Ritter is a very giving pup! Galen is old enough to know better, I think. 😁


----------



## PhoebeDuck (6 mo ago)

cowpony said:


> Greedy Cat is not particularly adept at self grooming. Being a very well padded cat, he has some trouble reaching some areas. Being greedy, he steals any dog food left in the bowl. Galen pushes him out, but Ritter will let him share.


Hey, Greedy Cat!!!

Look at the size of the stick mom had to cut out of my fur this morning! It has thorns on it and everything! She mumbled something about stupid so& so's that don't know to stay out of thorny bushes. I didn't even know that thing was back there!!! I thought she was gonna try to cut off my tail.
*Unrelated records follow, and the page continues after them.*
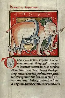El mundo anglonormando entero estaba fascinado por el bestiario, en el que la naturaleza servía como una lección de comportamiento para el hombre y donde lo real se confundía con lo fantástico mientras que estimulaba la imaginación. Los bestiarios de lujo decorados con miniaturas pintadas sobre un fondo de oro estuvieron de moda en Inglaterra en el último cuarto del siglo XII entre una élite cultivada. En ese siglo XII, pocos manuscritos continentales podían competir con la producción inglesa.[48] Varios manuscritos ricamente ilustrados de este período se conservan: el bestiario de Aberdeen, el bestiario Worksop, datado en 1187 (Morgan Library, M.81)[49] o incluso el bestiario de Ashmole, más tardío.[41]
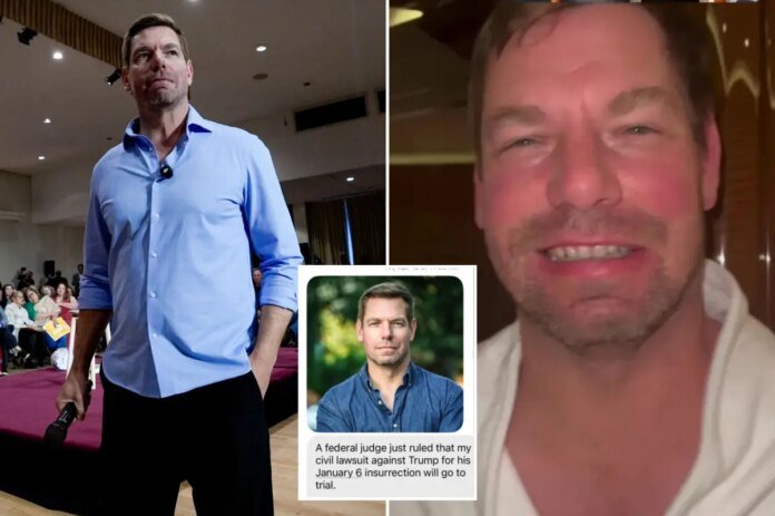 Swalwell claimed in the text that “MAGA allies” were trying to “end my political future because they know I’m the only one who can take down this corrupt administration.”
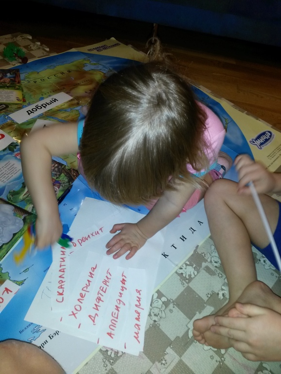 инсценировка Доброго Доктора Айболита! Попалась книжка с наклейками очень кстати в магазине. Айболит у нас живет в России. Коля начал писать, поэтому Настя ему говорила, какую букву надо написать, чтоб превратить слово Ножка в Ножки:)и так они превращали далее все слова, которые нужно было преобразовать. Писали телеграмму, знакомясь с новыми словами-болезнями. Решили они, что у Айболита обязательно должна быть машина, почему-то пожарная:) Вобщем, даже в сказку играли 2 дня:)
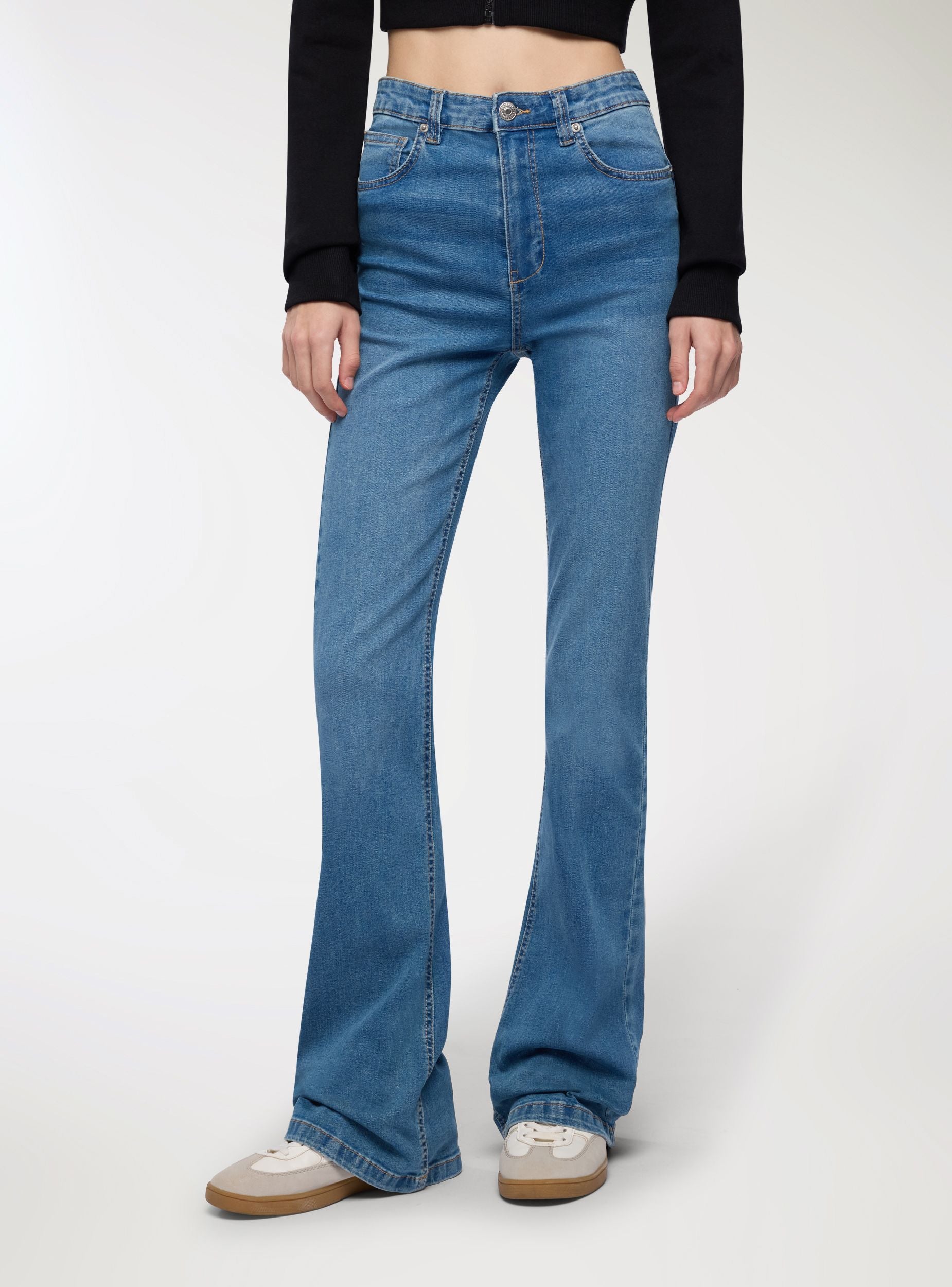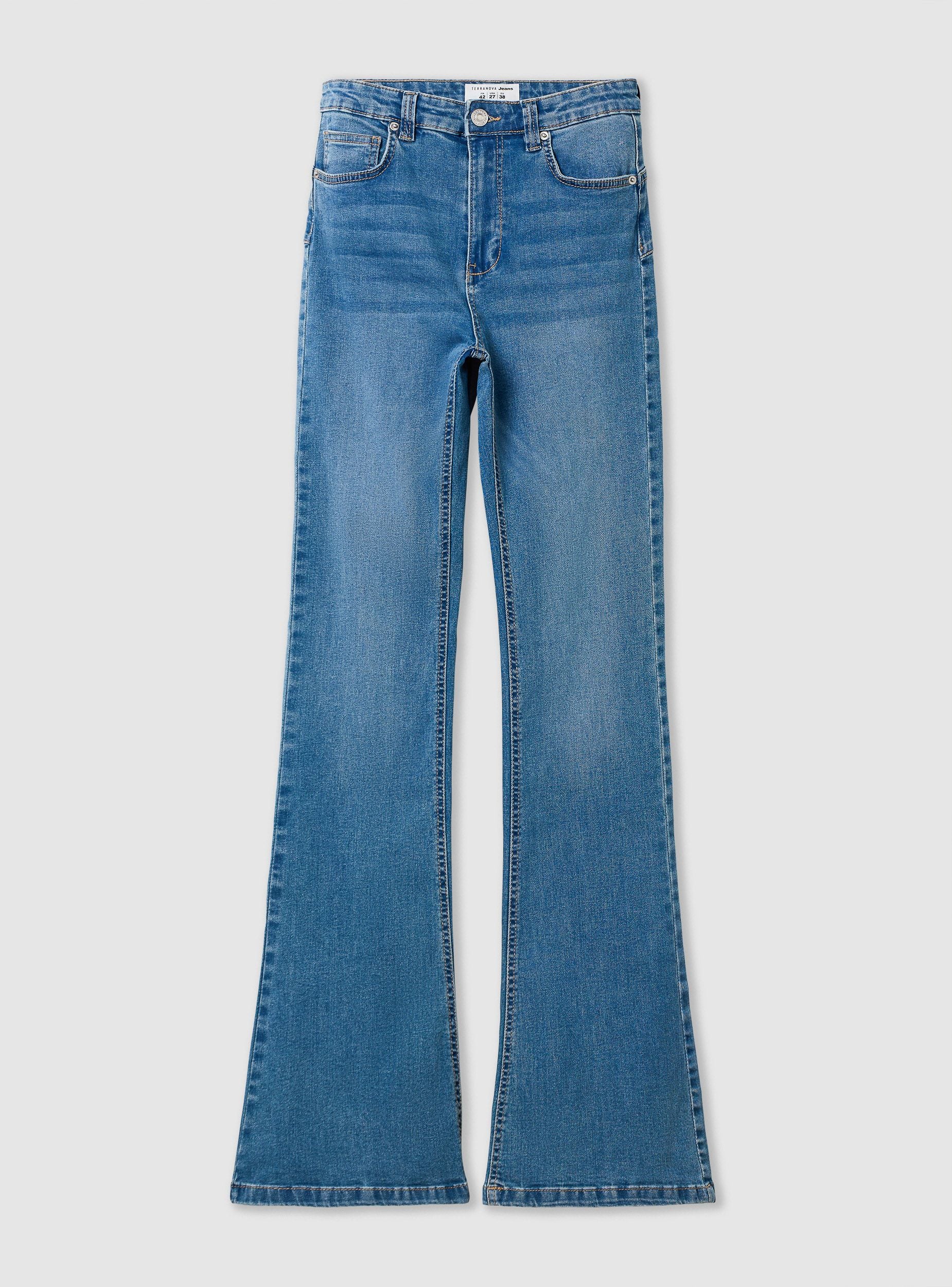 Jeans për gra me dizajn modern dhe të shumëanshëm, ideal për një pamje casual dhe në modë. Kanë një prerje me këmbë të zgjeruar që thekson siluetën, me bel të lartë për rehati optimale. E pajisur me mbyllje me buton dhe zinxhir, dhe xhepa funksionalë si në pjesën e përparme ashtu edhe në të pasme. Perfekt për t’u kombinuar me bluzat të ngushta ose këmisha të buta për një veshje të plotë dhe trendi.Detajet
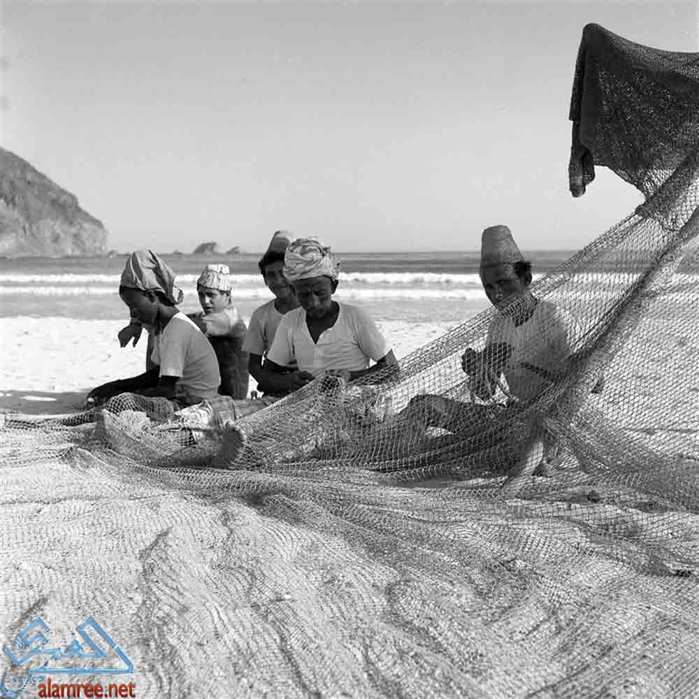 الغدير البريقه عام 1955مجموعة صيادين تجهز الشبكات للصيد القادم البوم صور عدن قديم

Your compatriot in grooming woe,
Idiot Calico


----------



## BBVidya (6 mo ago)

Greedy cat makes me remember my old cat, a dilute tabby cream colored with beautiful stripes. He would groom his tail until every hair was resplendent and gleaming, and pose so proudly, as if to say, “Look at me!”—but the rest of him was filthy, cobwebs in ears, car grease down his back. Obviously this was a serious grooming oversight! 
He was a real character and a joyful delight until someone stole him. I hope he got a good home.


----------